Вот и отлично! чувствую пора уже заводить коробку для писем :Smile:  я отправлю   в эти выходные!

----------


## Адольф

Завтра бегу за конвертами)

----------


## Fallen

> Вот и отлично! чувствую пора уже заводить коробку для писем я отправлю   в эти выходные!


 честно говоря я не знаю о чем тебе писать. Мы за вечер в скайпе наболтаем больше, чем я с иным человеком за год поговорю) разве что правда открытку какую-то)
хотя идея хорошая, мне нравится, был опыт, довольно обширный по молодости. Всё сжег. Да, в минуты душевного кризиса импульсивность временами берет верх)

----------


## Мара

> честно говоря я не знаю о чем тебе писать.


 а ты попробуй, но мне будет приятно и открытку получить, с вашим парком например, или даже сделанное тобой фото...
можешь не мне, а девченкам написать)) :Smile:

----------


## Fallen

> а ты попробуй, но мне будет приятно и открытку получить, с вашим парком например, или даже сделанное тобой фото...
> можешь не мне, а девченкам написать))


 ммм.. уговорила)
и девочкам тоже могу, почему бы и нет  :Smile:

----------


## Stille

Мара, Адольф, спасибо. Буду ждать)

----------


## yourschizophrenia

> г. Брянск ул.Нахимова д. 114 кв. 74
> почтовый индекс - 241014
> на имя - Нестеровой Маргариты
> Буду рада любым письмам и на всё отвечу


 может и я напишу) если придумаю что написать...) письма - это чудесно, но писать их я не очень-то умею.

----------


## Stille

> может и я напишу) если придумаю что написать...) письма - это чудесно, но писать их я не очень-то умею.


 Да тут необязательно уметь) Хоть что-нибудь, пару строк.  :Smile:

----------


## yourschizophrenia

> Да тут необязательно уметь) Хоть что-нибудь, пару строк.

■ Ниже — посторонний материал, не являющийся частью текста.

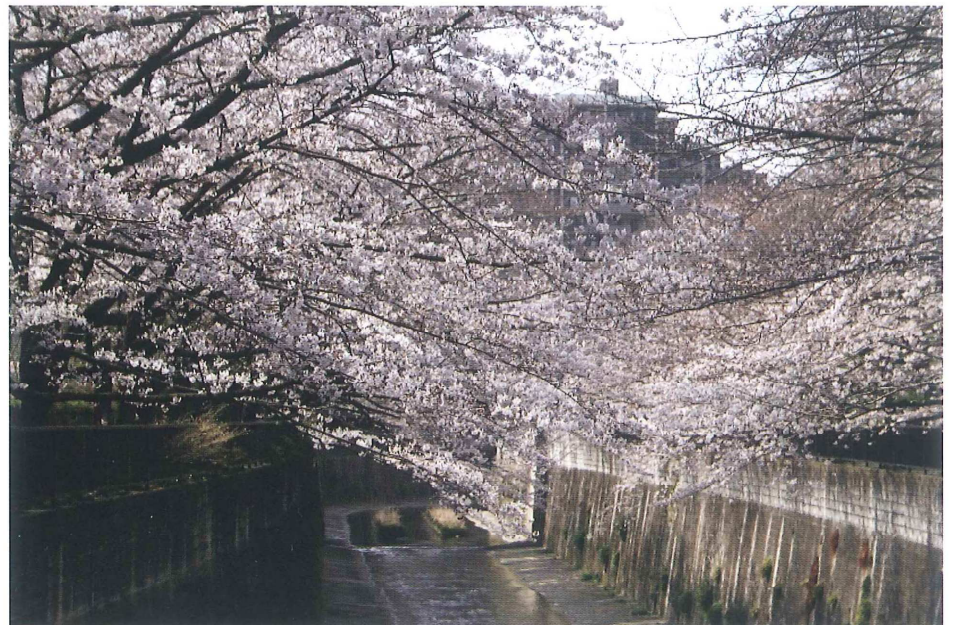
石神井川沿いの桜

 ну пару строк же неинтересно наверное читать будет)
но я что-нибудь попробую придумать)

----------


## Stille

> ну пару строк же неинтересно наверное читать будет)
> но я что-нибудь попробую придумать)


 Хорошо, спасибо)

----------


## inside me

А что, правда, неплохая идея организовать переписку. А то все тут, наверное, уже и писать разучились с этим интернетом((
Я бы тоже написала что-нибудь, да мне вот не придумать. Просто нечего написать... И почерк у меня корявый и непонятный.

----------


## Мара

было бы желание) для начала можно отправить открытки с несколькими строками...а потом видно будет
присоединяйся :Smile:

----------


## inside me

Нуу...по-моему, как-то не хорошо заставлять человека ждать из-за пары строк. Если и писать, так нормальное письмо.

----------


## Игорёк

Для начала письменной переписки, или каких-нибудь других материальных пересылок, надо знать информацию о человеке, о его жизни проблеме характере. Для этого как минимум должна быть тема с его историей, и какая-то личная переписка по инету. Необходимо чтоб возникло минимальное доверие.

----------


## Мара

> Для начала письменной переписки, или каких-нибудь других материальных пересылок, надо знать информацию о человеке, о его жизни проблеме характере.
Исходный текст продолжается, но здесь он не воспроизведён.